Key research themes
1. How do developmental and cognitive frameworks contribute to the design of socially interactive humanoid robots?
This research area investigates how principles from cognitive development and developmental psychology can be synthesized into robotic architectures that enable humanoid robots to acquire skills, adapt autonomously, and engage in meaningful social interactions. The focus is on building robots whose cognitive and behavioral capabilities emerge progressively through embodied interaction, enabling humanlike social behavior beyond preprogrammed tasks. This theme matters because it predicates the creation of robots that are genuinely sociable and capable of long-term learning and social cognition, essential for practical human-robot collaboration and companionship.
2. What behavioral models and architectures best enable robots to engage empathetically and adaptively in human-robot social interactions?
This theme explores computational and architectural frameworks that endow robots with adaptive, socially-aware, and affective behaviors enabling rich, empathic interactions with humans. It investigates how robots perceive subtle human emotional and cognitive cues, regulate interaction intensity, and adaptively respond in ways that build rapport and effective cooperation. Understanding and modeling these behavioral dynamics is fundamental to designing robots that can function as collaborative partners or companions in real environments.

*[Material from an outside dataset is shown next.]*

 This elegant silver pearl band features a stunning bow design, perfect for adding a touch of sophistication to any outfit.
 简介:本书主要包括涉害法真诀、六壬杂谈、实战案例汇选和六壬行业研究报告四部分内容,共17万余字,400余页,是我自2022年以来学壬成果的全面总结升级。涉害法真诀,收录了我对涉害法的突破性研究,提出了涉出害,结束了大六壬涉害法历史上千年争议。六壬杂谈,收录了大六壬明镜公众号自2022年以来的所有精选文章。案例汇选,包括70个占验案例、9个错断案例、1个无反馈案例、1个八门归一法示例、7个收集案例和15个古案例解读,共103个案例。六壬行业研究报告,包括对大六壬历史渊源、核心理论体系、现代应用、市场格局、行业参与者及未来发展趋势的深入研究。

3. How can embodiment, perception, and anticipatory mechanisms enhance autonomy and adaptivity in behavioral robotic systems?

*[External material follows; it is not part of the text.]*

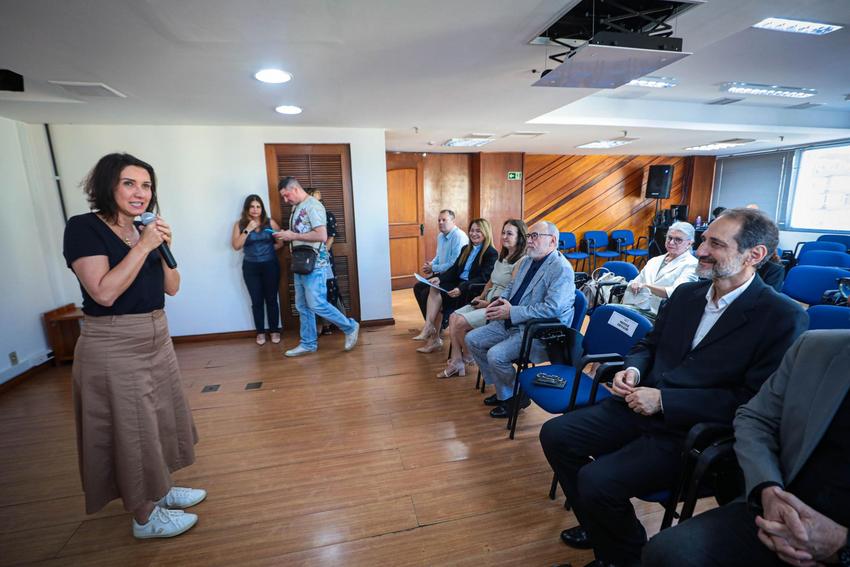 Porto Alegre, RS, Brasil, 14/11/2025: A prefeita em exercício, Comandante Nádia, sancionou, durante cerimônia na tarde desta sexta-feira (14), realizada no Centro Administrativo Municipal Guilherme Socias Villela (CAM), a lei do vereador Pedro Ruas (PLL nº 357/25), que tomba como patrimônio histórico-cultural do município de Porto Alegre a Igreja Metodista Wesley. Foto: Alex Rocha/PMPA

This research focus centers on the foundational role of embodiment, sensorimotor perception, and anticipatory capabilities in producing truly autonomous, adaptive robotic agents. It considers how biological principles of embodied cognition, perception integration, and prediction of future states contribute to robots’ capacity to maintain viability, self-regulate interactions, and dynamically adapt behavioral responses in complex environments. This theme is key for advancing behavioral robotics beyond reactive systems toward anticipatory, life-like agents.